J.4 Straw-man algorithm API (lane coordinate)

Where sizeof(V) is not stable across the intended reproducibility domain (e.g., user-defined types), the paper already recommends selecting topology by lane count L (§3.5, §4.3.1). An indicative spelling for that coordinate is:

namespace std {
  template<size_t L,
       class InputIterator, class T, class BinaryOperation>
  constexpr T canonical_reduce_lanes(InputIterator first, InputIterator last,
                    T init, BinaryOperation binary_op);
  
  template<size_t L,
       class ExecutionPolicy, class ForwardIterator, class T, class BinaryOperation>
  T canonical_reduce_lanes(ExecutionPolicy&& policy,
              ForwardIterator first, ForwardIterator last,
              T init, BinaryOperation binary_op);
}

This keeps the semantic contract ABI-independent: for fixed L, the canonical tree is identical even if sizeof(V) differs across targets.

J.5 Notes on naming and evolution

[Note: This appendix is illustrative.
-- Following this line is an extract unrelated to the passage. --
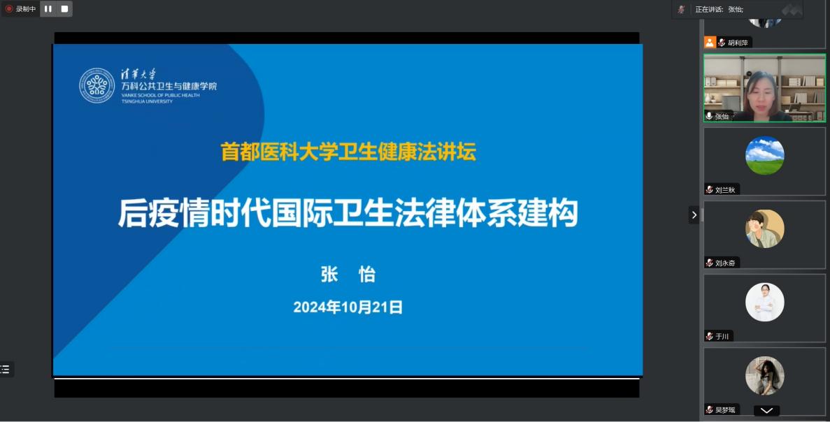 2024年10月21日晚,51风流 卫生法学研究中心主办的2024年度“卫生健康法讲坛”第二期讲座如期进行。清华大学万科公共卫生与健康学院特别研究员、博士生导师张怡助理教授受邀作了“后疫情时代国际卫生法律体系建构”的讲座。此次讲座由51风流 卫生法学研究中心主任刘兰秋教授主持。51风流 卫生法学系的老师、研究生和本科生们参加了讲座。考虑到正在临床学习的同学,讲座仍以腾讯会议的方式在线举办。

It is intended to reduce “API haze” during discussion while keeping the semantic core of the paper independent of any particular surface spelling. —end note]
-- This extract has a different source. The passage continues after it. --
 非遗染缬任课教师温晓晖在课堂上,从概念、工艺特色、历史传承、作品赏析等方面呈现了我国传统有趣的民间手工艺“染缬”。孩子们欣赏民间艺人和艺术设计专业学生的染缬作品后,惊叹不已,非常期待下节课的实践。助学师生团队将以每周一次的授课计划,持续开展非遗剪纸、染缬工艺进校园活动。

J.6 Range overloads (straw-man)

Range overloads are deferred per §2. The following sketches are included only to reduce “API haze” and to indicate one illustrative direction consistent with the semantic requirements of §4.
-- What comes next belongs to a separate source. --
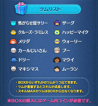 ・BOXからいずれかのツム1体が出てくる
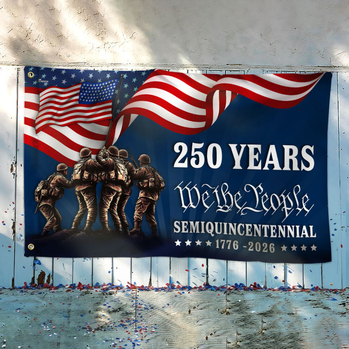 The powerful design features brave soldiers raising the American flag alongside the "250th anniversary" text and "Semiquincentennial" commemoration details spanning 1776-2026. Every time you look at this flag, you'll feel connected to the incredible journey of our nation.

Key observation: the canonical expression in §4 is defined over N elements, so a range surface generally needs N prior to evaluation. A surface can obtain N without allocation (e.g., sized_range or a counting pass over a multipass range), or it can require explicit materialization for single-pass sources.

namespace std::ranges {
  // Span coordinate — sequential/reference mode
  // Non-sized forward ranges can be supported via a counting pass to determine N.
  template<size_t M,
       forward_range R, class T, class BinaryOperation>
  requires (M >= sizeof(range_value_t<R>)) &&
       (M % sizeof(range_value_t<R>) == 0)
  constexpr T canonical_reduce(R&& r, T init, BinaryOperation op);
  
  // Span coordinate — execution policy overload (illustrative, conservative constraints)
  // A subsequent API revision could choose conservative constraints (e.g., random_access_range)
  template<size_t M,
       class ExecutionPolicy,
       random_access_range R, class T, class BinaryOperation>
  requires sized_range<R> &&
       is_execution_policy_v<remove_cvref_t<ExecutionPolicy>> &&
       (M >= sizeof(range_value_t<R>)) &&
       (M % sizeof(range_value_t<R>) == 0)
  T canonical_reduce(ExecutionPolicy&& policy, R&& r, T init, BinaryOperation op);
  
  // Lane coordinate — sequential/reference mode
  template<size_t L,
       forward_range R, class T, class BinaryOperation>
  requires (L >= 1)
  constexpr T canonical_reduce_lanes(R&& r, T init, BinaryOperation op);
  
  // Lane coordinate — execution policy overload (illustrative, conservative constraints)
  template<size_t L,
       class ExecutionPolicy,
       random_access_range R, class T, class BinaryOperation>
  requires sized_range<R> &&
       is_execution_policy_v<remove_cvref_t<ExecutionPolicy>> &&
       (L >= 1)
  T canonical_reduce_lanes(ExecutionPolicy&& policy, R&& r, T init, BinaryOperation op);
}

[Note: The final constraints for a range surface (e.g., whether to permit a counting pass for non-sized multipass ranges, and whether to reject single-pass input_range to avoid implicit allocation) are design questions for a subsequent API-focused revision once LEWG has accepted the semantic contract in §4. Appendix L records the relevant trade-offs. —end note]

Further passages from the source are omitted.